Охранник сидел у двери, широко расставив ноги, и дремал, прикрыв глаза. У него было широкое, копченое, как окорок, лицо, в распахе серой форменной куртки была видна белая сбруя из кожзаменителя с кобурой, а к поясу были прицеплены наручники. Это был тот самый «старшой» с джипа, которого я видела возле церквушки.
Я поднялась из кресла-вертушки офисной модели с подзатыльником, ресницы его дрогнули, и он привстал.
— Не боись, служивый… Не смоюсь!
Я пошла к окну в эркере, нависавшем над территорией на высоте третьего этажа. Он нервно засопел и отвел глаза — если верха у меня уже были прикрыты тонкой водолазкой, то низы, пониже пупка, были обнажены — черные трусишки, темный пояс с подвязками, на которых были вышиты красные розочки, все новое, я только магазинные этикетки содрала. Босоножки-плетенки почти без каблука немного жали, но терпеть было можно.
Окно было распахнуто в сырую ночь, аккуратно затянутое мелкой сеткой от комарья. В темном небе просматривались просветы посветлее, над дальним лесом помигивали зарницы и перекатывало — где-то не очень далеко шел дождь.
На территории опять что-то случилось: легковушки отчаливали со стоянки, сигналили и вереницей выезжали за главные ворота, огни их стоп-сигналов расплывались багровыми пятнами. Похоже, какое-то толковище закончилось и гости — или кто они там такие? — убирались в Москву.

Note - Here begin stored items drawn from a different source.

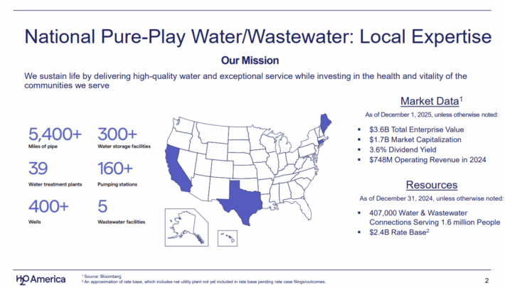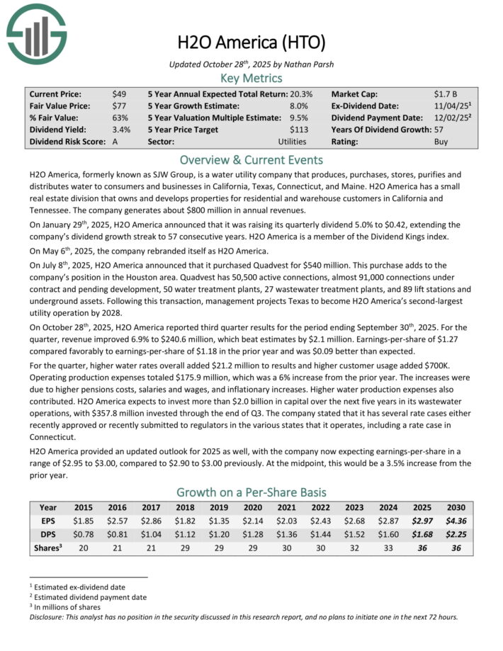 H2O America reported third-quarter results on October 28th, 2025. Revenue for the period grew 6.9% to $240.6 million and topped expectations by $2.1 million. Earnings-per-share of $1.27 was up from $1.18 in the same period of the prior year and was $0.09 ahead of estimates.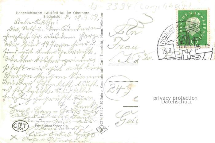 74087846 alte Postkarte Lautenthal Harz Langelsheim Goslar Teilansicht Hoehenluftkurort Bischofstal postalisch gelaufen Erhaltung siehe scans [FriedD77] KatCode: 11110003153007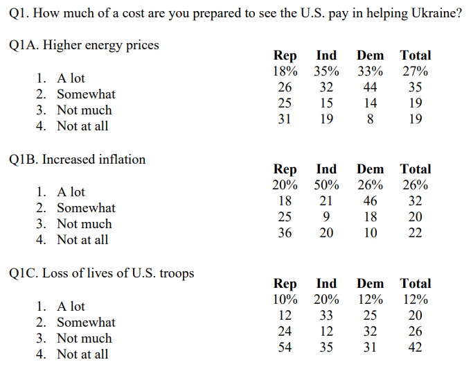 При этом наблюдается большая разница в ответах в зависимости от политических предпочтений респондентов: о готовности к таким последствиям помощи Украине заявили 77% демократов, 67% независимых, но лишь 44% республиканцев.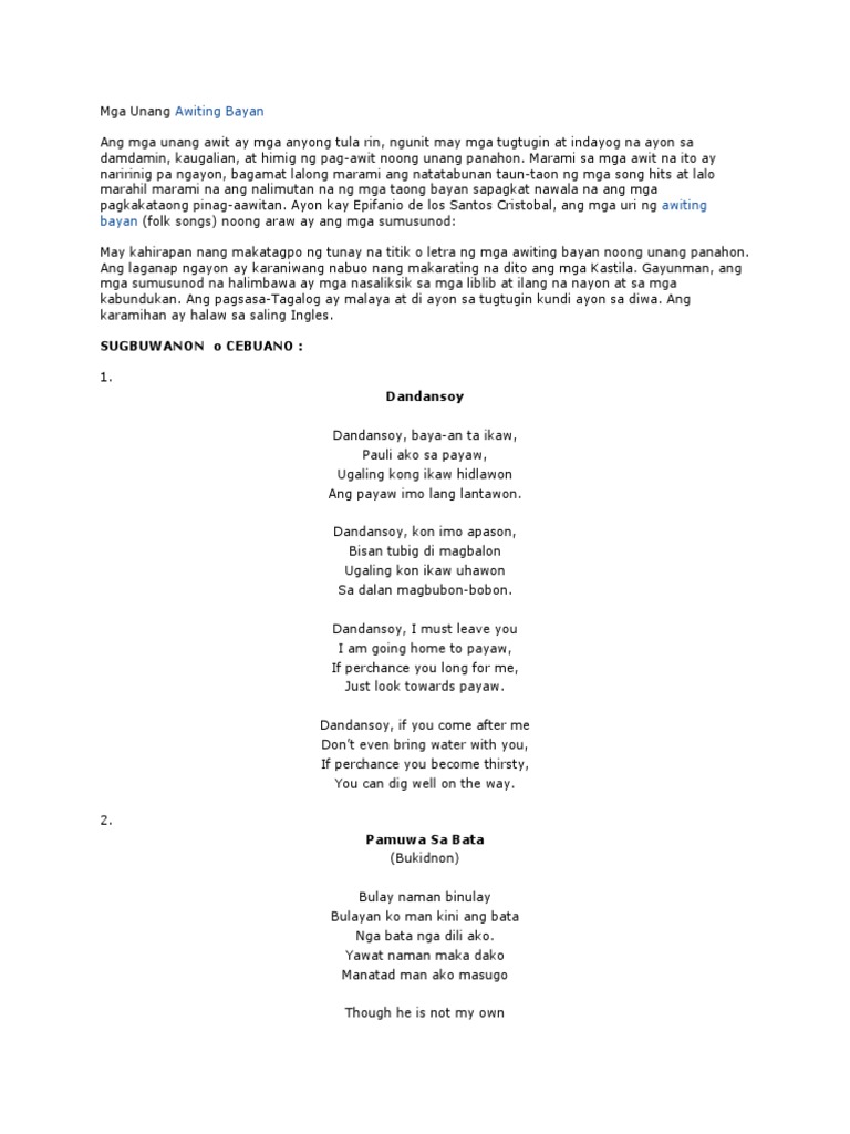 Inukukuwento ng kanta ang pamamaalam kay Dandansoy ngkasintahan na uuwi sa PayawGayunman binibigyan ng babae. Panimula Ang awiting bayan o tinatawag ding kantahing-bayan isang matandang uri ng panitikang Filipino ay awit ng mga sinaunang Pilipino na maging sa panahon ngayon ay inaawit pa rin. Kahulugan ng sayaw at awit.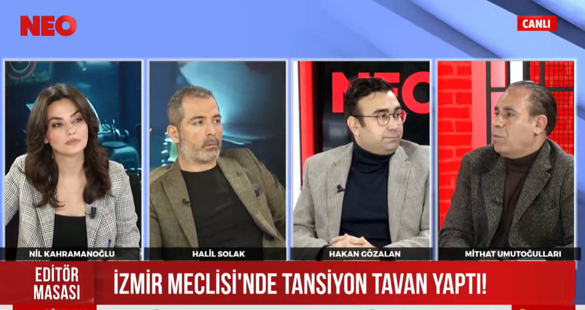 EGEPOSTASI- NEO TV’de yayınlanan ve moderatörlüğünü Nil Kahramanoğlu’nun yaptığı Editör Masası’nda, İzmir ve Türkiye siyasetinin sıcak konu başlıkları masaya yatırıldı. Cumhurbaşkanı Erdoğan’ın imzasıyla yapılan kabine değişikliğinden İzmir Büyükşehir Belediye Başkanı Cemil Tugay’ın açıklamalarına kadar konuşulan programa NEO TV Yönetim Kurulu Başkanı Mithat Umutoğulları, NEO TV Genel Müdürü Halil Solak ve NEO TV Genel Yayın Yönetmeni Hakan Gözalan konuk oldu.

Спрашивать этого отдрессированного служебного овчара с наручниками было бессмысленно, и я еще раз оглядела помещение. То, что это рабочий кабинет именно женщины, понять было несложно: на полках были расставлены сувенирные куколки в иноземных костюмах — мексиканские сомбрерщики, негритоски и малайки, чего ни один уважающий себя делец держать не станет, у письменного стола в напольной вазе-бочонке, не то китайской, не то японской, расписанной алыми иероглифами, стоял какой-то экзотический цветок, в общем, деревце с лакированной листвой и пряно пахнущими сиреневыми соцветиями.
По кабинету вразброс было натыкано несколько чемоданов и сумок из одного набора — все из желтой мягкой кожи, с наклейками гостиниц и неснятыми ярлыками авиакомпании «САС». Похоже, что хозяйка их просто бросила, не торопясь открыть.
Тем страннее, почти нелепо смотрелось все остальное — холодный черный металл стеллажей, забитых какими-то канцелярскими папками, серые пластмассовые кожухи, целое нагромождение техники, окружавшее массивный письменный стол, на подставках и приставках — мощный компьютер с монитором в метр, на мерцающем экране которого бесконечновозникала и куда-то уплывала мерцающая электронная рыбка, блоки дополнительной памяти, плоский принтер, батарея одинаковых телефонов, факс и еще какие-то устройства, о предназначении которых я не могла даже догадаться.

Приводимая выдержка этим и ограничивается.